Cheat-Seeking Missles

Wednesday, July 12, 2006

Playing The Race Card On Play Station

The NAACP and CA Assemblyman Leland Yee went overseas to go overboard, decrying this Sony billboard for its new white Play Station unit in Holland racist. (If you can't see the image clearly, that's a black woman being grabbed in the face by the seemingly hostile white woman.)

The NAACP said it recalled minstrel shows and Yee said in a press release:
Whether in the US or abroad, using differences in skin color to articulate the fact that your video game console now comes in white can be interpreted as insensitive at best and racist at worst.
Why? Any offence is in the photo, which is very poorly conceptualized, not in the fact that black people are black and white people are white. I think we're all mature enough to handle the color difference.

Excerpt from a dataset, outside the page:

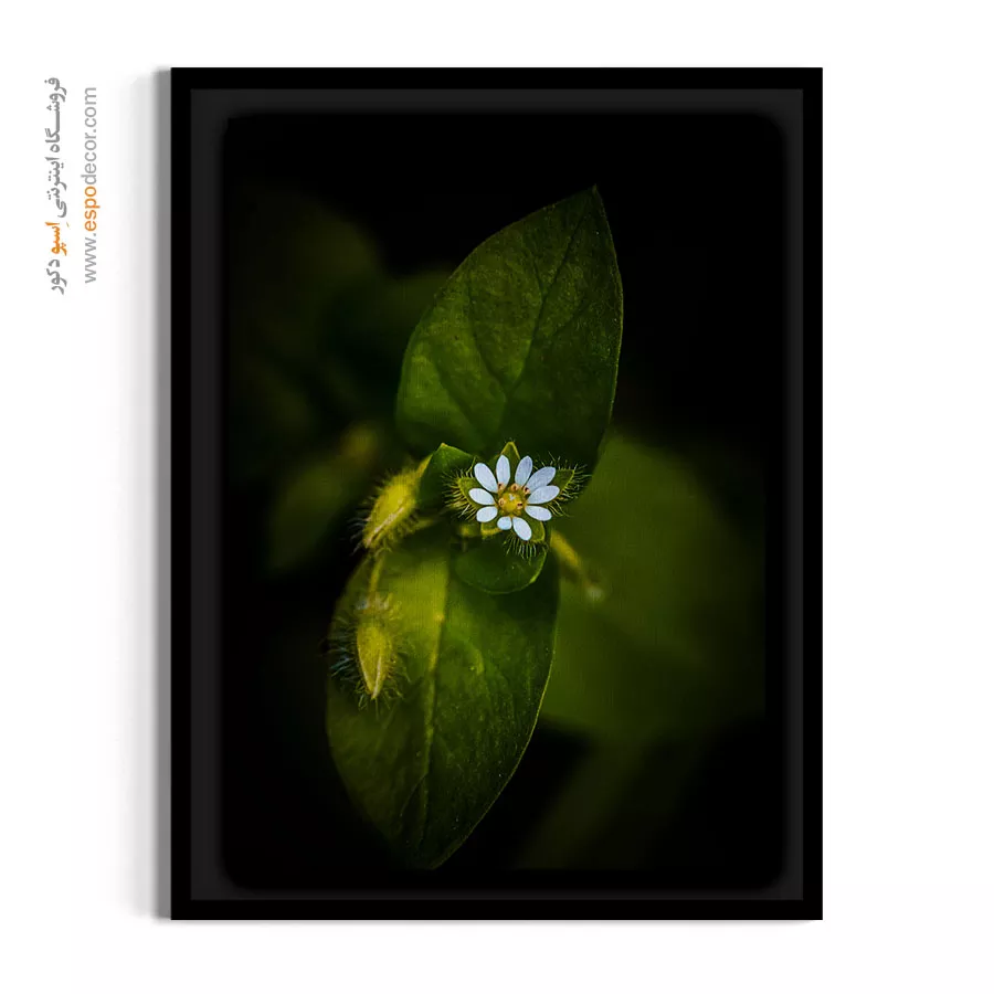 این تابلو بر ظرافت و زیبایی گل‌های ریز در دل طبیعت تأکید دارد و با کنتراست شدید نور و تاریکی، یک نقطه کانونی آرام و در عین حال قدرتمند ایجاد می‌کند. انتخابی عالی برای فضاهای مدرن.

Sony apologized for the wrong reasons: the subject matter. They should have replaced the billboard with another with the image of a black woman and white woman happily kumbayahing about the new Play Station, and invited the NAACP and Yee to attack that.

For the record, Japan as an isolated country has a history of being notoriously "racist" in their advertising imagery. (I put quotes around it because I'm still not sure whether it's deliberate or clueless.) When I was growing up there in the late 50s and 60s I remember seeing representations of blacks in logos that made Aunt Jemima look like Angela Davis. And today, their sensitivity remains a bit ... off kilter (as this package art from engrish.com shows.).

Here again, racial grandstanding did what it usually does: backfire. Sony's poor photo selection will yield good results for the company as gamers everywhere will think Yee and the NAACP are over-reacting zealots and opportunists, and thanks to heavy blog coverage, they'll know all about the new white Sonys.

Maybe Sony will honor Mr. Yee with a new yellow Play Station, suitably launched.